Reputation: 453
I am extracting some tweets and I am getting json (json_response
) in return which looks something like this (I've added dummy IDs):
{
"data": [
{
"author_id": "123456",
"conversation_id": "7890",
"created_at": "2020-03-01T23:59:58.000Z",
"id": "12345678",
"lang": "en",
"public_metrics": {
"like_count": 1,
"quote_count": 2,
"reply_count": 3,
"retweet_count": 4
},
"referenced_tweets": [
{
"id": "13664100",
"type": "retweeted"
}
],
"reply_settings": "everyone",
"source": "Twitter for Android",
"text": "This is a sample."
}
],
"includes": {
"users": [
{
"created_at": "2018-08-29T23:45:37.000Z",
"description": "",
"id": "7890123",
"name": "Twitter user",
"public_metrics": {
"followers_count": 1199,
"following_count": 1351,
"listed_count": 0,
"tweet_count": 52607
},
"username": "user_123",
"verified": false
}
]
}
I am trying to convert it into pandas dataframe using the following code:
import json
from pandas.io.json import json_normalize
df = pd.DataFrame.from_dict(pd.json_normalize(json_response['data']), orient='columns')
And it is giving me the output whose header is as follows:
conversation_id | text | source | reply_settings | referenced_tweets | id | created_at | lang | author_id | public_metrics.retweet_count | public_metrics.reply_count | public_metrics.like_count | public_metrics.quote_count | in_reply_to_user_id
except that I want to add username
as a column in the df
along with other columns.
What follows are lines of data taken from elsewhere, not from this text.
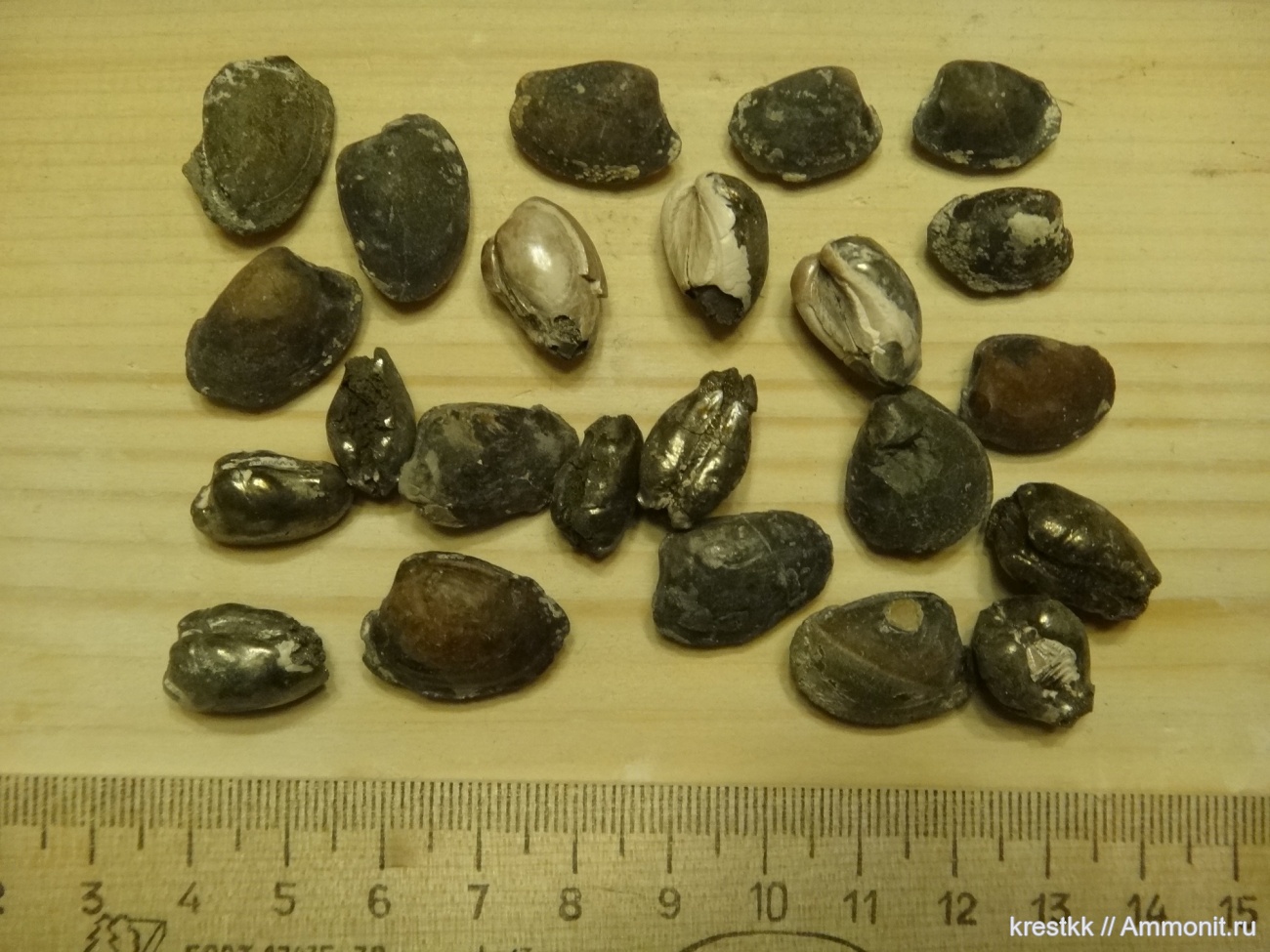 И то и другое - тут сохранился и белый раковинный слой (например три штуки во втором ряду сверху) и есть пиритизированные ядра. В Михайлове в келловее есть похожие такой же сохранности.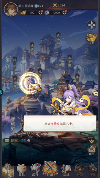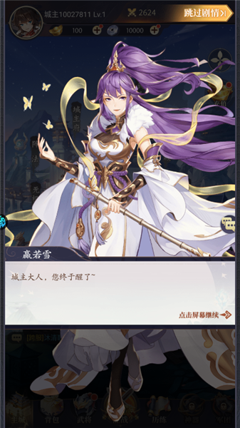 1、进入游戏后首先会看到自己的新手向导赢若雪,应该是个原创角色。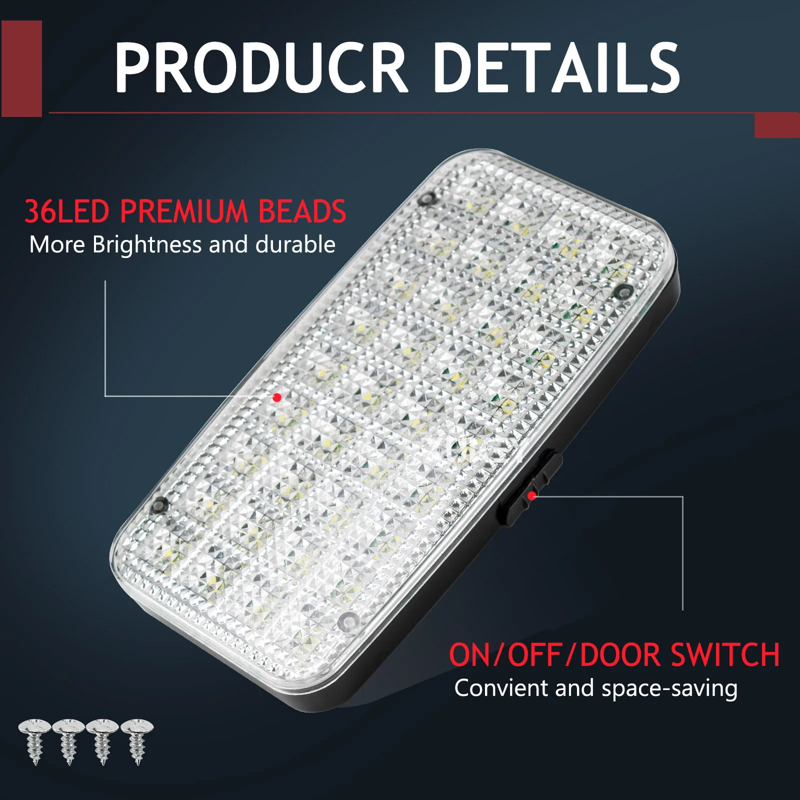 12V 36-LED car interior light bar – bright white roof dome lamp for cars, boats, caravans, campers, trailers, trucks, and lorries.

I'd like to add the column username
among these columns and I don't know how to do that.
Any guidance please?
Upvotes: 0
Views: 92
Reputation: 12711
IIUC you have a list of users dictionaries in json_response['data']
and json_response['include']['users']
. Why not create your own dictionary list from those two?
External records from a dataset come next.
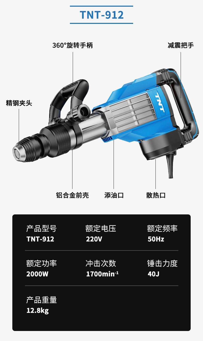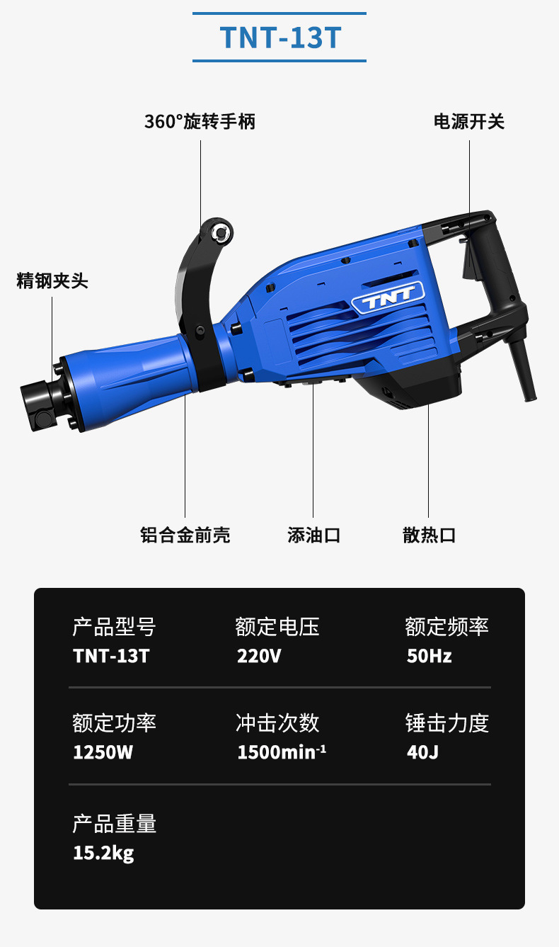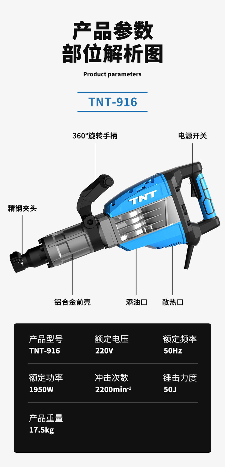 Antimonio En Antimonio TNT13T15T16T Pico eléctrico Martillo eléctrico Alta potencia Ingeniería de carreteras de hormigón de grado industrial pesado Demolición de muros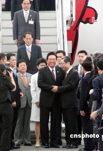 圖為陳云林步出包機(jī),與前來接機(jī)的;鶗(wù)副董事長高孔廉握手。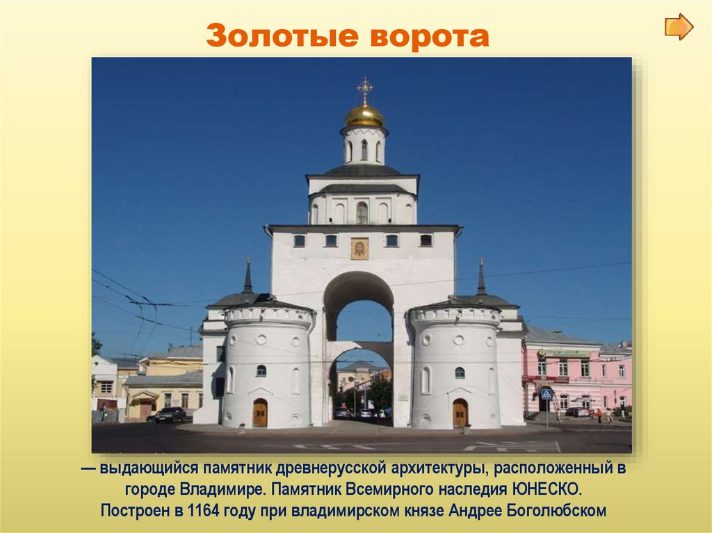 Золотые ворота— выдающийся памятник древнерусской архитектуры, расположенный в

json_response = json.loads(response_raw)
your_dict_list = json_response['data']
for i, user in enumerate(json_response['includes']['users']):
your_dict_list[i]['username'] = user['username']
df = pd.json_normalize(your_dict_list)
Output:
author_id conversation_id created_at id lang ... username public_metrics.like_count public_metrics.quote_count public_metrics.reply_count public_metrics.retweet_count
0 123456 7890 2020-03-01T23:59:58.000Z 12345678 en ... user_123 1 2 3 4
Upvotes: 2